さて、ご主人様が普段情報を発信するのに使っているのは……掲示板というか、黒板というか。この壁だったハズ。でも、ご主人さまの予定が……。
「潜水艦に休暇を! 特にここの三連休あたりがいいでち」
いつも本当に乙です。
「司令官へ メリット以外のシャンプーを買ってくれ。百歩譲ってTSUBAKIだ。あと、この前のノンヒロポンだったか、あれは泡が立たなくて気持ち悪かった。いくら髪に良くてもあれはダメだ」
漣もそう思います。あ、漣はマシェリが良かったけど、ご主人様はきっと覚えてなんかないわよね。考えて買ってはなさそうだし。ヒロポンは週一くらいならいいんじゃね?

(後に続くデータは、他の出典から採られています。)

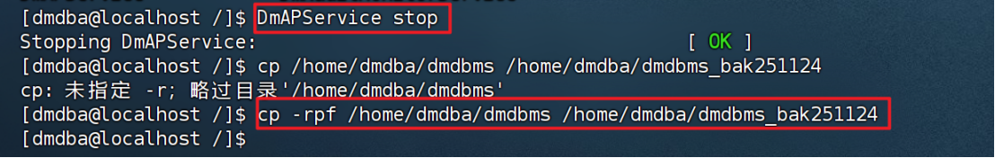 cp -rpf /home/dmdba/dmdbms /home/dmdba/dmdbms_bak251124
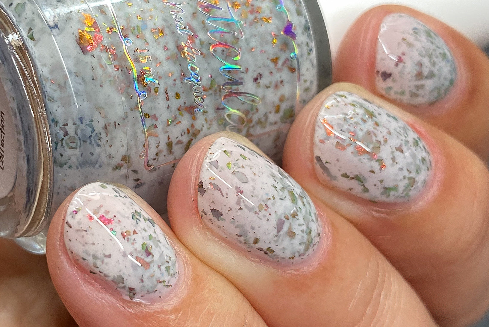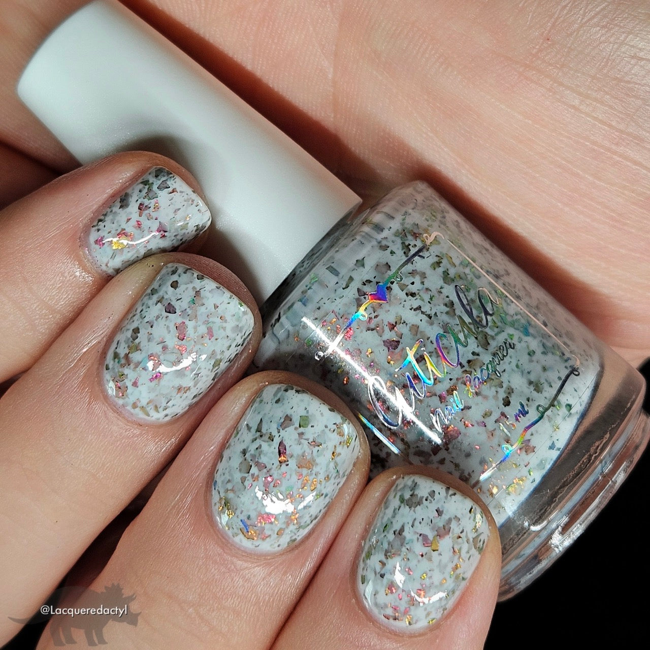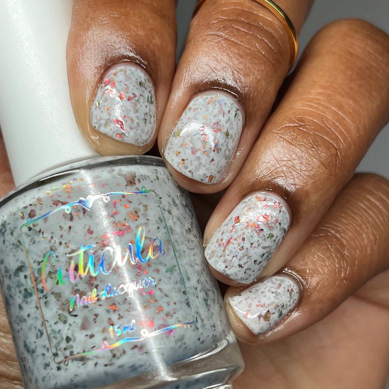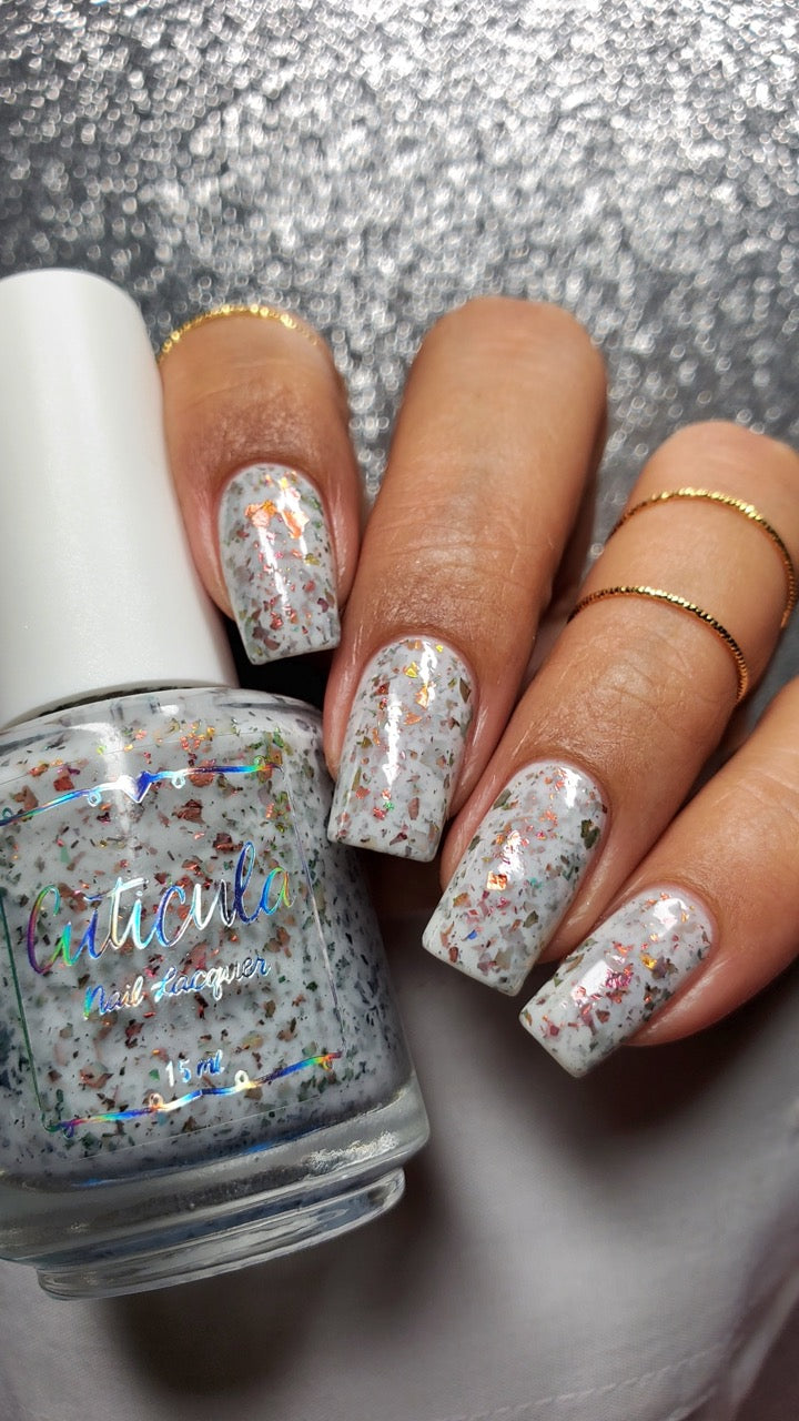 'Go with the Snow' A white crelly orange/red/gold/green shifting chrome flakes. Photos By: @caitlinswatches @lacqueredactyl @cheyennexodeborah @gaby_polish @mikkelz_nails @polishwithrae @50shadesofdip For best results, start with any of our available base coats and finish off your mani with any of our available top coats. This nail polish is 5 Free: Ingredients: Nitrocellulose, Ethyl Acetate, Butyl Acetate, Isopropyl Alcohol, Ethyl Alcohol, Triphenyl Phosphate, Propyl Acetate, n-Butyl Alcohol, Colorants.

「オナホ華道のつどい 一四〇〇~ お菓子あり〼 山城」
……(゚Д゚)ハァ? 二度見したけどやっぱりわからない。ディルド茶道は禁止するっていうイミフな通達もあったけど、これは大丈夫なの? でも鎮守府では常識に囚われてはいけないのですね! って誰か言ってた気がするし、まあ、そういうのもアリなのよね。
「カレーの日! 豚 正
牛 正正正T」
あ、こういうのにも使えるのね。でも、これじゃ一人何票入れてもバレないじゃん。とりあえず豚……。いや、豚野郎……。ご主人様の……あ。これじゃ漣ってバレバレだは。「司令官の豚野郎 一」……と。
「提督を司令官と呼ぶ中で、提督を豚扱いしそうな者か、誰だろうな」
「そりゃあ……うーん、改めて考えるとあんま合ってる子、居ない気が……って」
凛とした中に穏やかさが滲み出る声。まぎれもなく戦う人の声だけど、纏うものは刃物の冷たさでも、銃火の残忍さでもなく。間違えようがない、これは……
「はぅ! サーセンした! 長門氏!」
「いいんだ。まぁ、何だ。ふざけるのもいいが、節度を持てということだ」
「いやぁサーセン……」
くぅ~、居たのかこの……じゃなくて、長門氏ならもっとkwsk知ってるのでは?
「そういえば長門氏、例の件、提督は何か?」
「例の件? 艦娘に戦闘以外の技術を取得させようとしていることか?」
む、シラを切った。口裏はもう合わせてあるってこと?
「……ほら、それってアレでしょ、提督が居なくなった後の事を考えて……」
そこまで言うと、一瞬、長門氏の顔からいつもの緊張感が消えて……何か、遠くを見るような。もしかして、ビンゴ?
「……そうだな。逃れられはしないのだろう」
逃れられないって……? でも確証が得られるまでは洗いざらい話してもらっちゃわないと。
「やっぱり?」
「ああ。どのみちな」
どのみちって。漣と交代して以来ずっと秘書艦やってたのに。長門氏、あまりにも平然とし過ぎでは?
「はぁ~。やっぱ長門氏ともなると安定感が違いますなぁ。やっぱり……運命には逆らえないのね……」
ここまで言って、考えがあれば……ていうか、何か手の施しようがあったら長門氏自らが解決しようとするよね、JK。
「ああ、何事にも……違うな。ディルド茶道とオナホ華道以外うろたえなかった提督も、これは流石に不安らしい」
「へ?」
なんですと?
「何も恐れなかった……恐れを見せなかった提督も、こればかりは無理だ」
無理。二番目くらいに長門氏から出てきてほしくない言葉っすね。一番は……。
「無敵のビッグセブンでなんとかして下さいよォ~」
「無理なものは無理だ」
っくぅ~。とりつくシマもないとはこのことね……。
や、だとしても。漣が諦めるとは思わないことね。漣、きっと運命を変えて見せる。
「漣、ご主人様を止めます。必ず止めます」
だって、漣はしつこいから。それに、いつの時代だってデスティニーはクソだかんね!